4

I have a timeseries of datetime, double columns stored in mySQL and would like to sample the timeseries every minute (i.e. pull out the last value at one minute intervals). Is there an efficient way of doing this in one select statement?

The brute force way would involve either selecting the whole series and doing the sampling on the client side or sending one select for each point (e.g. select * from data where timestamp<xxxxxxxxx order by timestamp desc limit 1).

Andriy M
  • 76,112
  • 17
  • 94
  • 154
DD.
  • 21,498
  • 52
  • 157
  • 246

2 Answers2

8

You could convert your timestamps to UNIX timestamps, group by unix_timestamp DIV 60 and pull the maximum timestamps from each group. Afterwards join the obtained list back to the original table to pull the data for the obtained timestamps.

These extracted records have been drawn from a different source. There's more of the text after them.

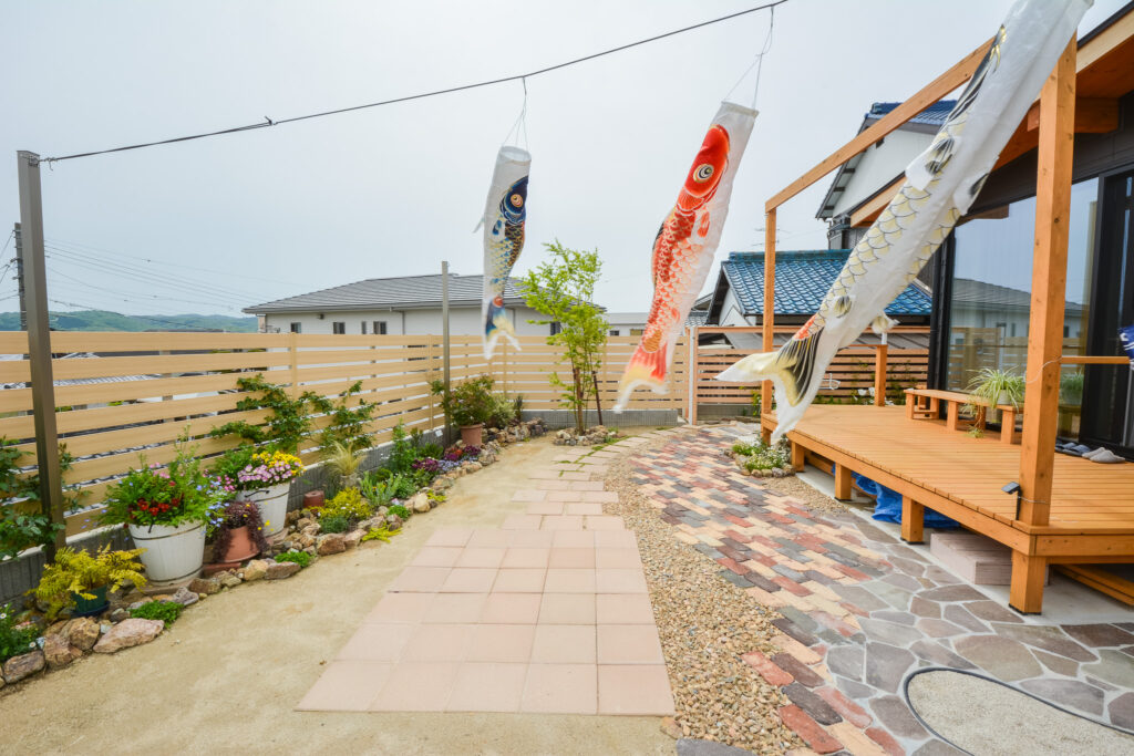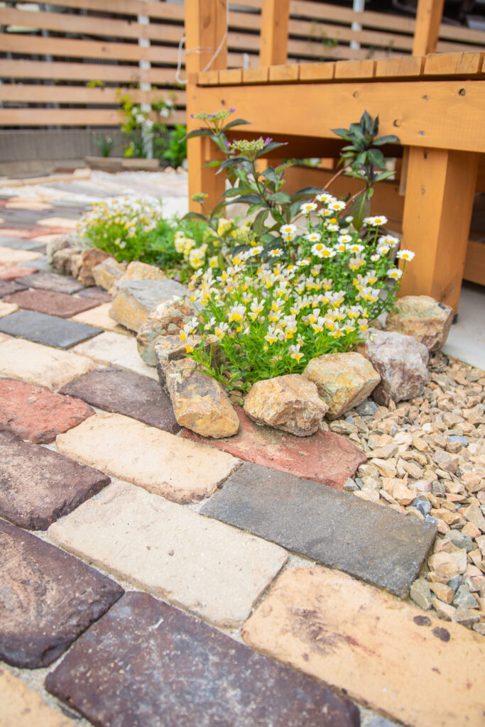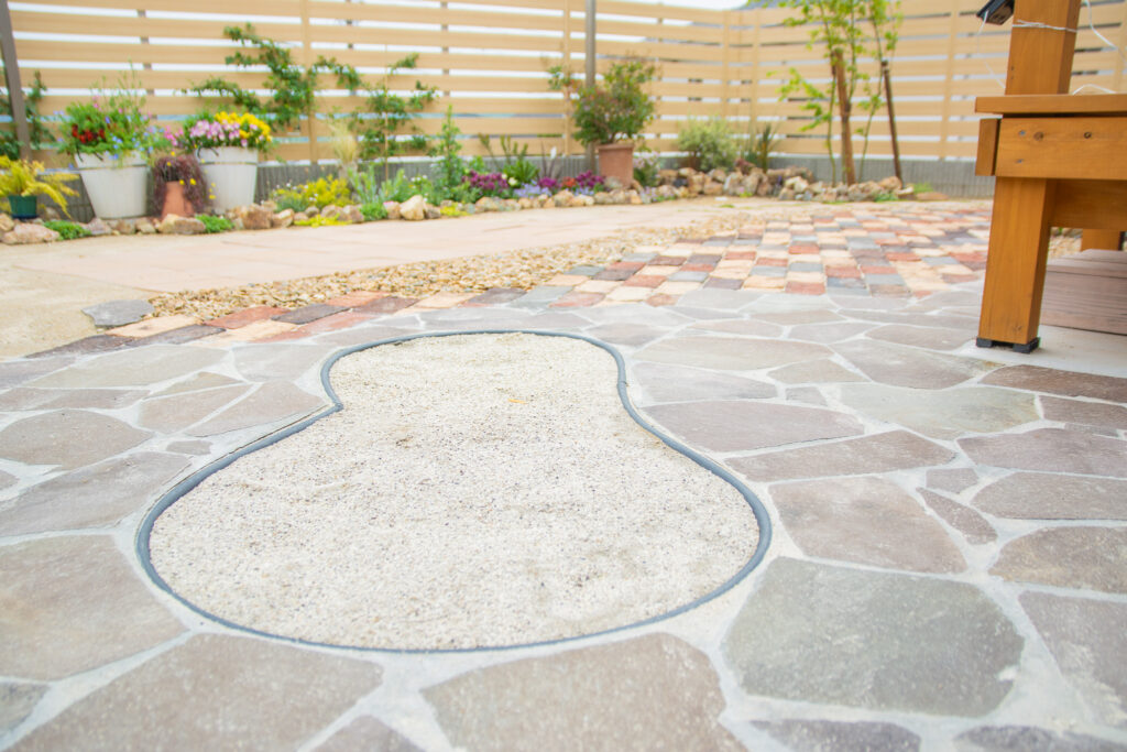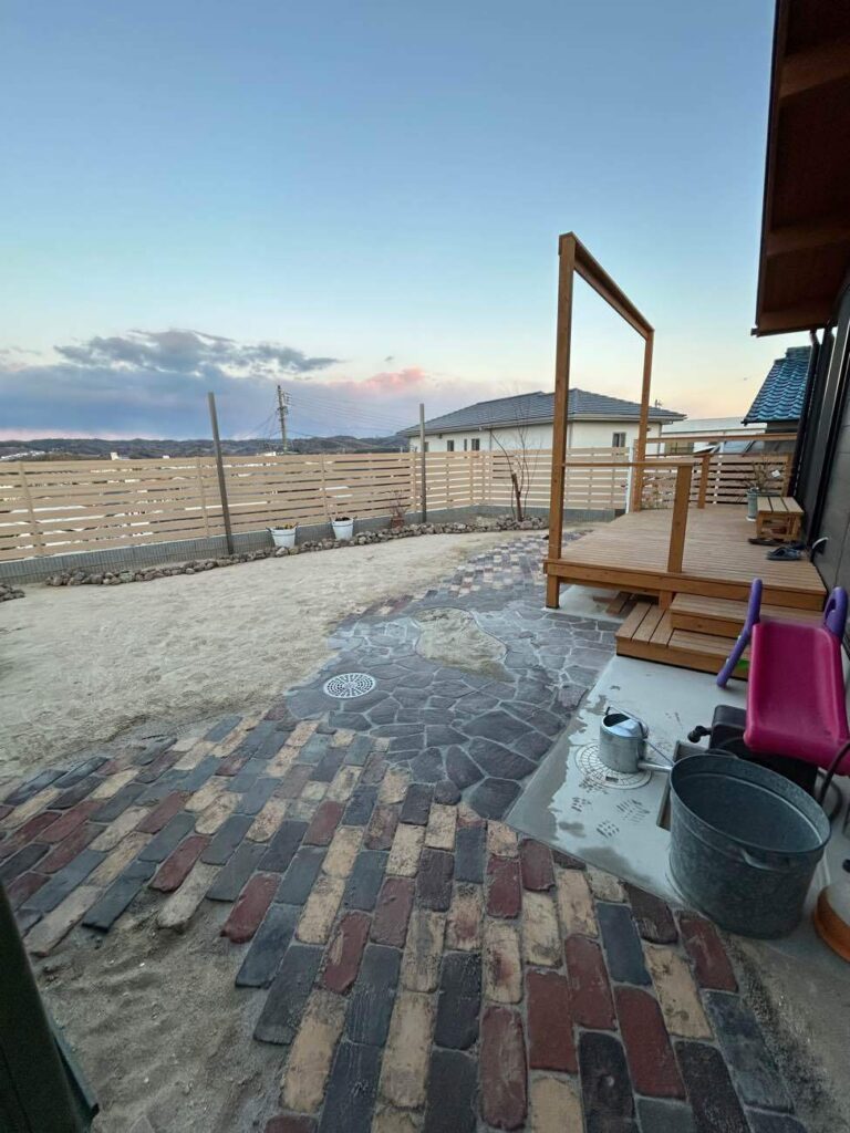 また、お子さんのための砂場もつくりました。周りを固めておくと砂が逃げても箒などで集めて戻しやすいですよ。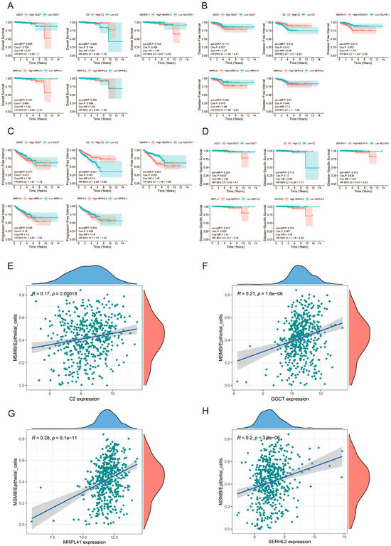 Prognostic analysis of prognosis-related genes in PCa and their correlation analysis with MSMB/Epithelial_cells. (A) OS survival analysis of prognosis-related genes in PCa. (B) DFI survival analysis of prognosis-related genes in PCa. (C) PFI survival analysis of prognosis-related genes in PCa. (D) DSS survival analysis of prognosis-related genes in PCa. The red color in Figure (A–D) represents the high-expression group of genes, while the blue color represents the low-expression group of genes. (E–H) Correlation analysis of prognosis-related genes with MSMB/Epithelial_cells. A larger R value indicates a stronger correlation, and a p-value less than 0.05 is considered statistically significant.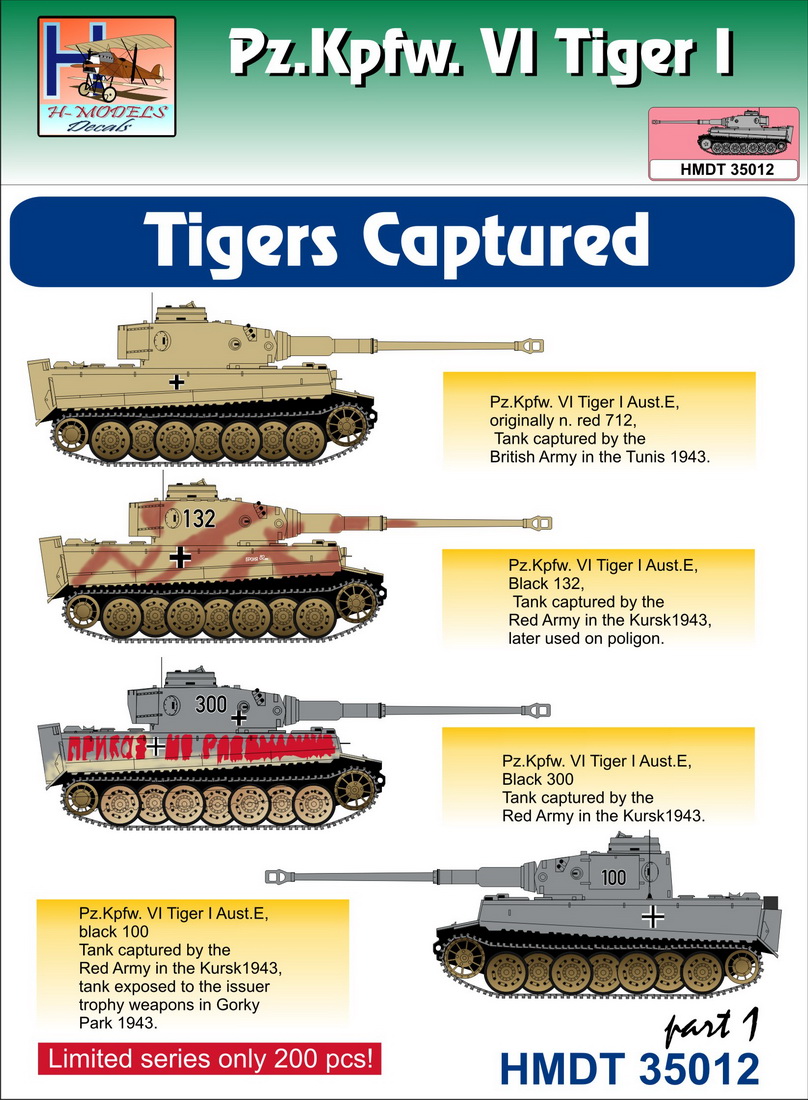 H-Model Decals - 1/35 Pz.Kpfw.VI Tiger I Captured Tigers, Pt.1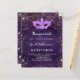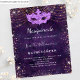 Für eine elegante Masquerade, Quinceañera, 15. Geburtstag. Ein lila Hintergrundmuster. Dekoriert mit Rose vergoldeten Imitaten Glitzer Staub und eine Maskerade Maske. Personalisieren und fügen Sie einen Namen und Party-Details. Der Name wird mit einem handgeschriebenen Stilskript geschrieben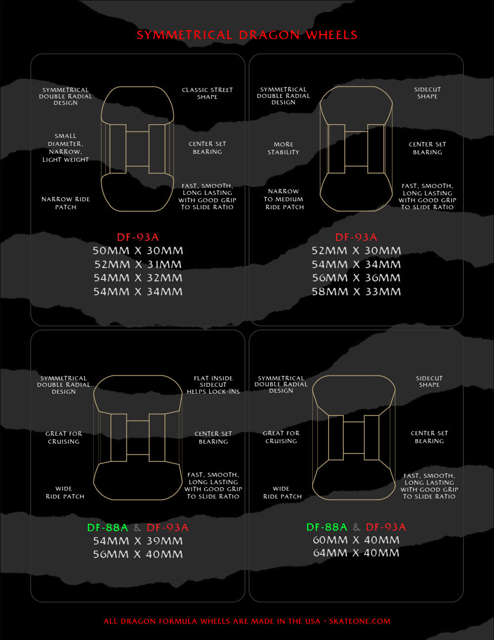 About Dragon Formula: The amazing new Dragon Formula™ (DF) Urethane used to create these wheels is another industry leading innovation from Powell • Peralta. DF-93A Dragons will not only roll over rough terrain, but also grip and slide like 99A and 101A wheels do, so that you can do all your normal tricks and more on the greater range of skate terrains made skateable by its softer 93A hardness.
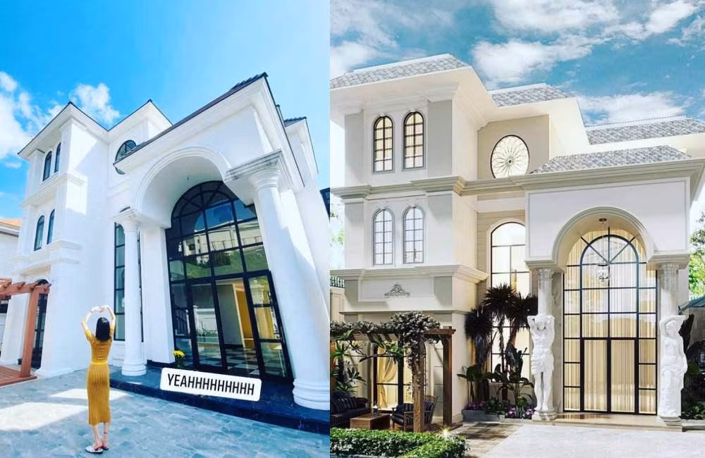 Mới đây, người đẹp còn chia sẻ khoảnh khắc dát vàng trên trần nhà cực kỳ sang chảnh không khác gì trong cung điện. Với góc nhìn từ dưới, những mảnh vàng nhỏ bay tứ tung càng khiến cho căn biệt thự của nữ ca sĩ trở nên lấp lánh và nguy nga. Chỉ một chi tiết cũng đủ thấy sự đầu tư và giàu có của Lệ Quyên ở mức nào. Căn biệt thự của người tình Lâm Bảo Châu mang đậm phong cách châu Âu với hai cột trụ thanh lịch ở phần tiền sảnh. Sân vườn trong căn biệt thự của giọng ca Tình lỡ cũng vô cùng rộng rãi và có kèm theo cả bể bơi.

Basically it might look something like this:

SELECT
  t.*  /* you might want to be more specific here */
FROM atable t
  INNER JOIN (
    SELECT
      MAX(timestamp) AS timestamp
    FROM atable
    GROUP BY UNIX_TIMESTAMP(timestamp) DIV 60
  ) m ON t.timestamp = m.timestamp
Andriy M
  • 76,112
  • 17
  • 94
  • 154
  • `GROUP BY UNIX_TIMESTAMP(timestamp) DIV 60`... just awesome! I wonder, if this can make use of an index on timestamp? Or would you have any other recommendations for optimizations, so this will work on extremely large datasets, other than aggregating statistics in a separate table? – Domi Mar 29 '15 at 19:46
  • 1
    @Domi: Thanks. I doubt very much this would use an index on `timestamp`. As I'm not really a MySQL expert, I'm not sure what to suggest as a good alternative. This is basically a "greatest N per group" problem, and on large datasets I personally might try an established, even though very MySQL-specific, method of solving this kind that involves variables, something along the lines of [this answer](http://stackoverflow.com/a/12114021) (something, too, that I suspect I probably didn't know at the time of answering this question, if I'm perfectly honest). – Andriy M Mar 29 '15 at 20:17
4

You can use DATE_FORMAT to get just the parts of the datetime that you want. You want to get the datetime down to the minute, and then for each group with that "rounded-off" time, get the row with the maximum time.